[ACTION ITEM]
Give again exactly the lines that run from the start of the records to the line holding "[충청뉴스큐] 금산청소년미래센터는 지난", both ends counted. Do not include the pictures.

[RECORD EXTRACTS]
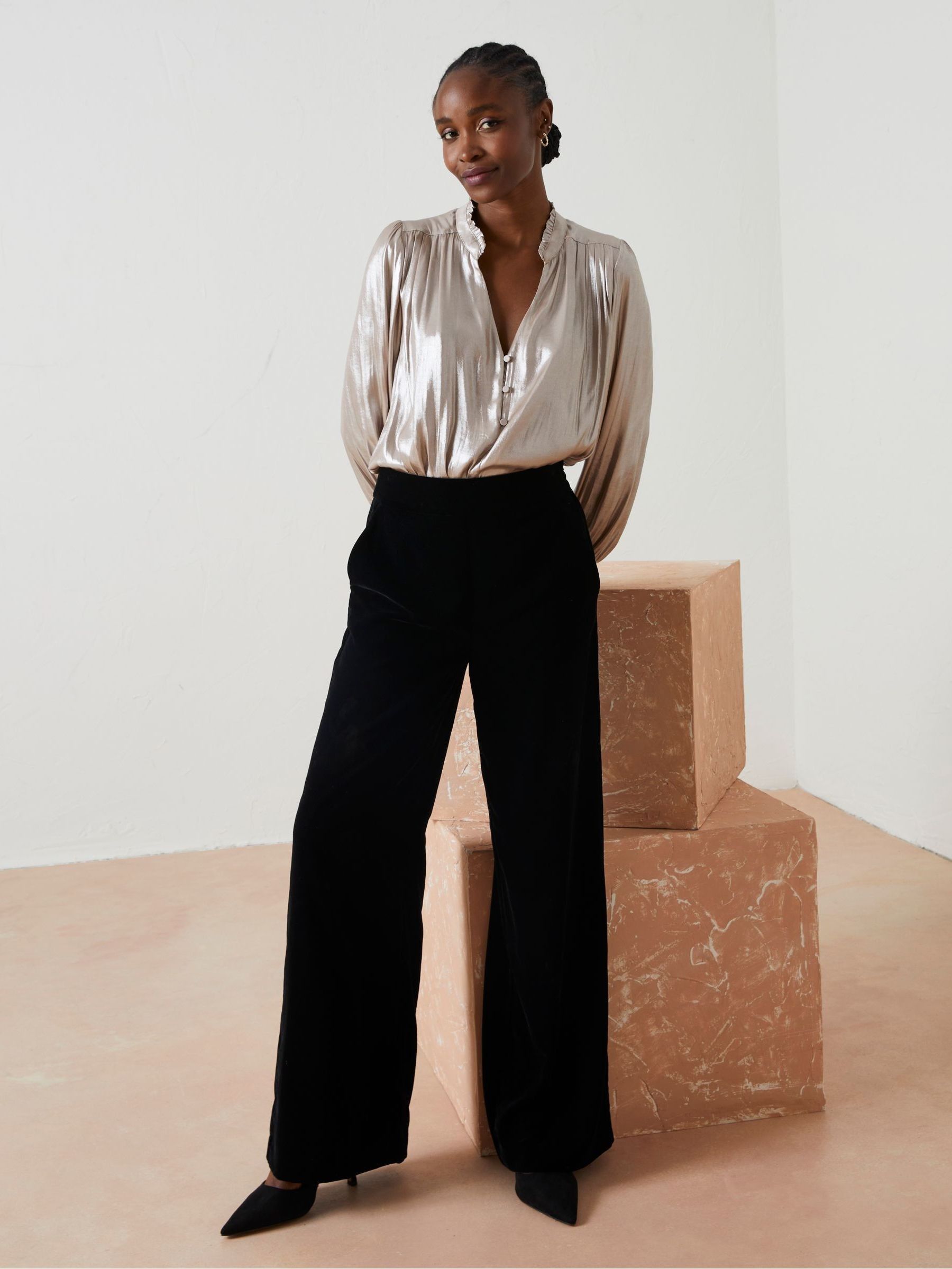 black open leg trousers
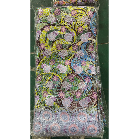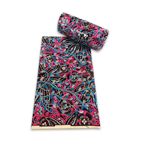 Tissus de cire pailletée Tissu de cire africaine en coton Tissu de dentelle brodée de fleurs Tissu de dentelle 5 Yards
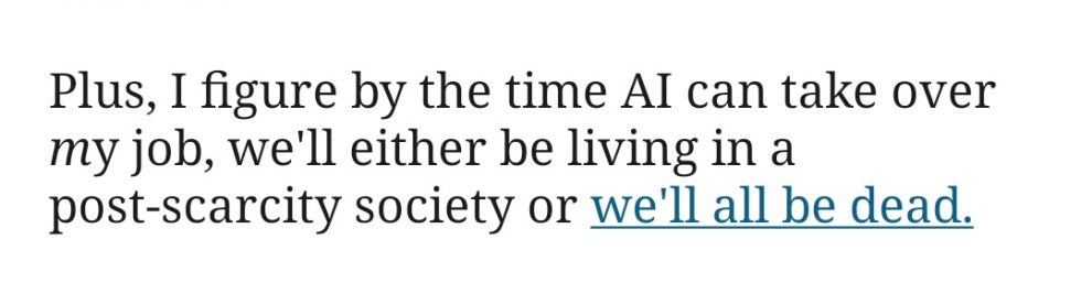 Plus, I figure by the time AI can take over my job, we’ll either be living in a post-scarcity society or we’ll all be dead.
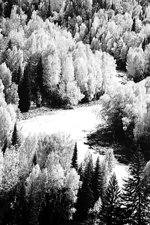初秋的喀纳斯,既有着热烈与辉煌的景象,又有着舒展与悠长的情怀。喀纳斯河,就好像是一条蜿蜒的翠绿色玉带,或曲折地缠绕在山岭间,或随意地舒展在草地上。河岸的白桦树纷纷挥扬着生命的旗帜,使那种明亮的金黄色枝叶与河流一起绵延不绝,就像一条色彩醒目的绶带,披挂在阿尔泰山的秋天里。
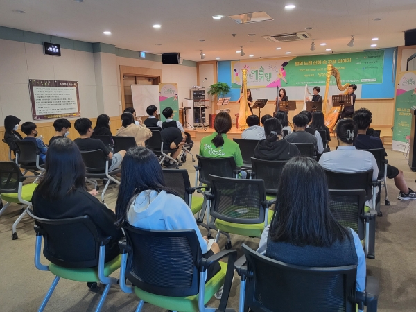 [충청뉴스큐] 금산청소년미래센터는 지난 13일 2층 다목적강당에서 신나는 예술여행 2차 공연 앙상블 더 하프의 ‘별의 노래 신화 속 하프 이야기’를 개최했다.
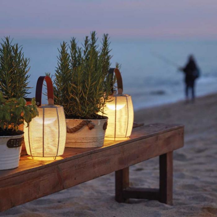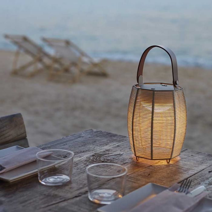 Tanit est une lampe de table portable et rechargeable, à la lumière douce, diffusée à travers un écran tissé à la main avec du fil de coton. En raison de sa légèreté, de sa taille et de son autonomie, la lampe Tanit peut avoir différentes applications tant dans le secteur domestique que sur les terrasses de restaurants et d'hôtels. Sa portabilité nous permet de faire quelques pas de plus et de transformer les espaces extérieurs en zones de tranquillité et de qualité de lumière.
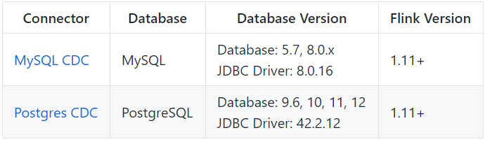 Flink CDC Connectors 和 Flink 之间的版本映射:
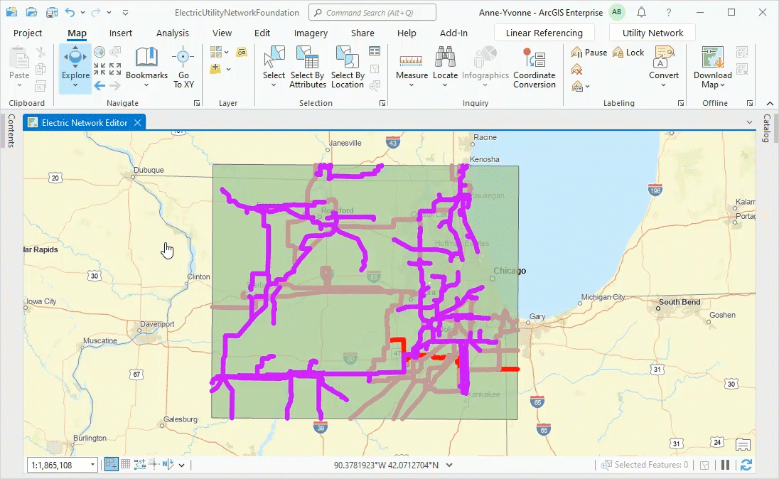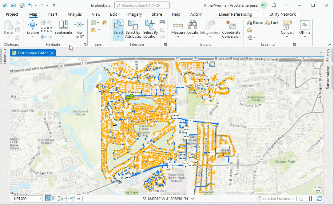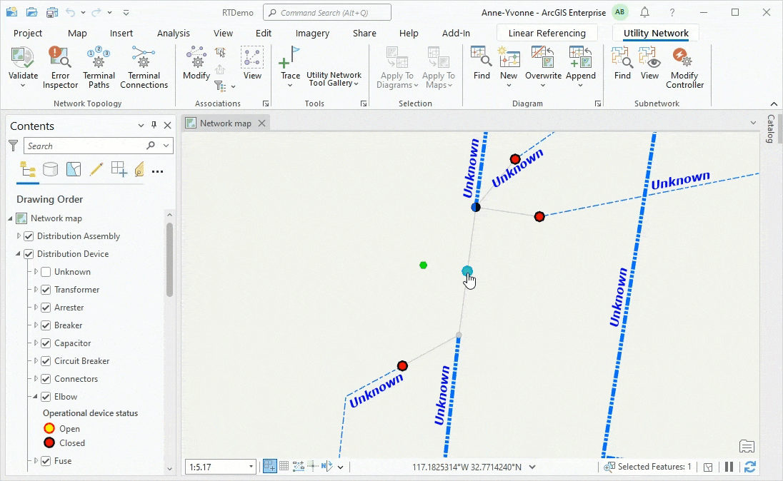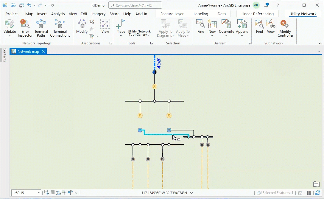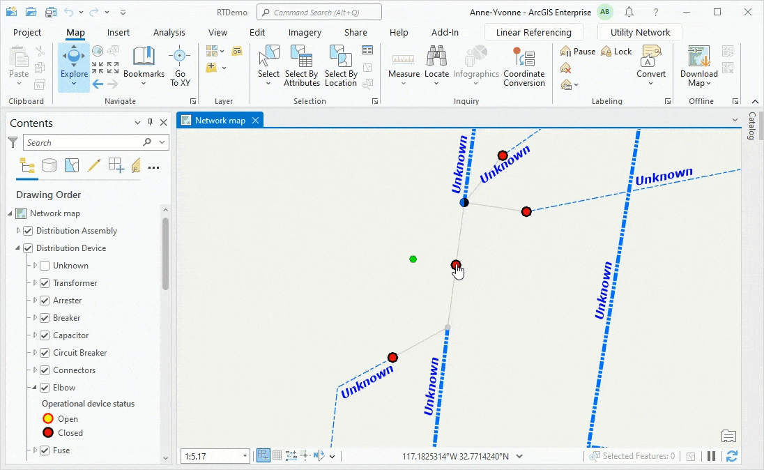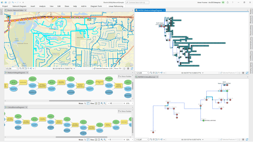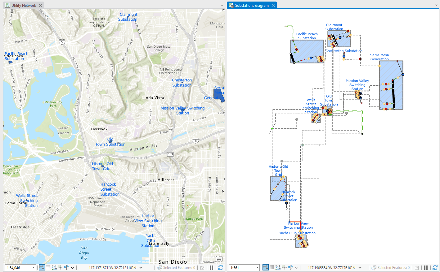 In the side-by-side views there is no scale difference between the diagram and network maps. However, since the diagram focuses primarily on the critical devices along each distribution subnetwork, there are only about 300 diagram features. This allows for a synthetic visualization showing critical devices that are well organized and related. Bringing it full circle, this is a simplified approach to managing switching operations on critical devices from diagram to map view.

[RESULT FOR THIS TASK]
 black open leg trousers
 Tissus de cire pailletée Tissu de cire africaine en coton Tissu de dentelle brodée de fleurs Tissu de dentelle 5 Yards
 Plus, I figure by the time AI can take over my job, we’ll either be living in a post-scarcity society or we’ll all be dead.
初秋的喀纳斯,既有着热烈与辉煌的景象,又有着舒展与悠长的情怀。喀纳斯河,就好像是一条蜿蜒的翠绿色玉带,或曲折地缠绕在山岭间,或随意地舒展在草地上。河岸的白桦树纷纷挥扬着生命的旗帜,使那种明亮的金黄色枝叶与河流一起绵延不绝,就像一条色彩醒目的绶带,披挂在阿尔泰山的秋天里。
 [충청뉴스큐] 금산청소년미래센터는 지난 13일 2층 다목적강당에서 신나는 예술여행 2차 공연 앙상블 더 하프의 ‘별의 노래 신화 속 하프 이야기’를 개최했다.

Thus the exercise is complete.